After the prince, Siddhartha, left the palace where he had grown up, he became a spiritual seeker, following the example of the man he had seen on his trip with his chariot driver: the man who had radiated peace and joy.
He sought out the best spiritual teachers. As many such seekers did at that time, and still do in India, he relied on the generosity of people who would fill his begging bowl on his daily rounds. He ate what he was given, and he owned little more than his begging bowl and his robes. He learned how to meditate and to perform various ascetic disciplines. The prince was a very good student, and he quickly mastered the techniques he was taught. "What else?" he would ask. "What else is there to learn?" When he was told by each successive teacher that he had already learned the most advanced practices, he would say, "No, there is more," and seek another mentor. He intuitively knew that he hadn't reached his ultimate goal of discovering the truth about how suffering arose and could be relieved.
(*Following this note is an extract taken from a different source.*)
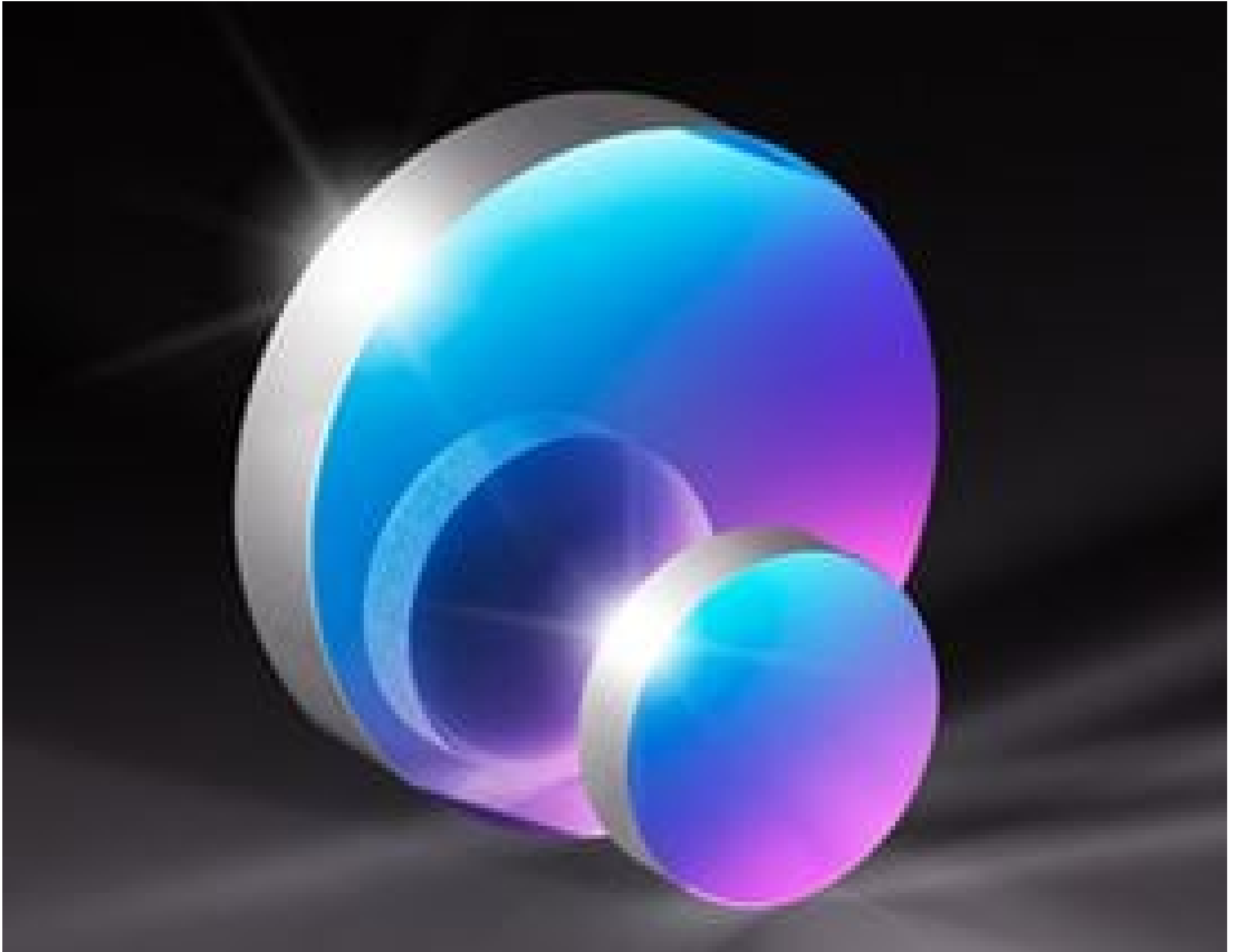
Precision Ultraviolet Mirrors

After a number of years of spiritual seeking, practicing meditations, and performing a variety of ascetic disciplines, he still hadn't found the truth that he sought. Then he remembered the incident from his childhood when he had sat under the rose apple tree. He recalled the simple and direct experience of alert wakefulness, the glimpse of brilliant sanity. He realized that he was going about things in the wrong way. Instead of starving himself, treating his body harshly, and trying to manipulate his state of mind, he realized that what he needed to do was simply to sit down with himself and see what he discovered.
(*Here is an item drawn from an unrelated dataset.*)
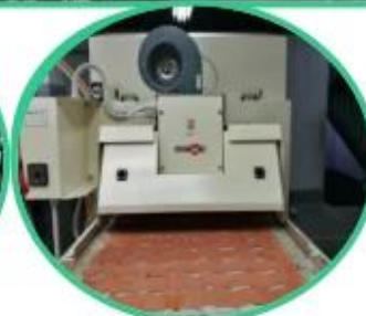
Glue Machine for Leather

He accepted an offering of a sort of sweet yogurt drink and made himself a seat of kusha grass. Both the delicious drink and the soft grass were in contrast with the strict disciplines he'd been practicing. Then, he sat down and vowed to stay there until he saw what was true for himself. The story goes on to describe how he was tempted by various "demons" who represented the habitual patterns of distracted mind. Finally, though, he realized his brilliant sanity for himself. In addition, he saw how he and others lose touch with the truth of that inherent natural wisdom and create suffering for ourselves and others.
At that point, the prince became "the Buddha," "the awakened one." He had woken up to the brilliant sanity that he had always had. The Buddha began a long life of teaching what he had discovered. He taught the poor and the rich, men and women. He taught that we have to look into ourselves to discover the truth of who we are and how to relieve our suffering. All of us, he taught, have the same awakened nature; all of us are potential Buddhas.
Having lived in the luxury of the palace and in the harsh extremes of asceticism he was able to say, from his own experience, that neither extreme leads to "waking up" from the dream of our confusion about who and what we are. His teaching became known as the "middle way."
Contemplative Psychotherapists follow the example of the Buddha by beginning our training with looking into our own experience before we try to help others look into their own. In our work with ourselves and also with our clients, we follow the idea of the middle way: instead of falling either into the extreme of indulging in distraction and entertainment or the extreme of self-aggression or unkindness, we look for a path that is characterized by curiosity, gentleness, and finding out for ourselves. In that way, we may the discover brilliant sanity that is already ours.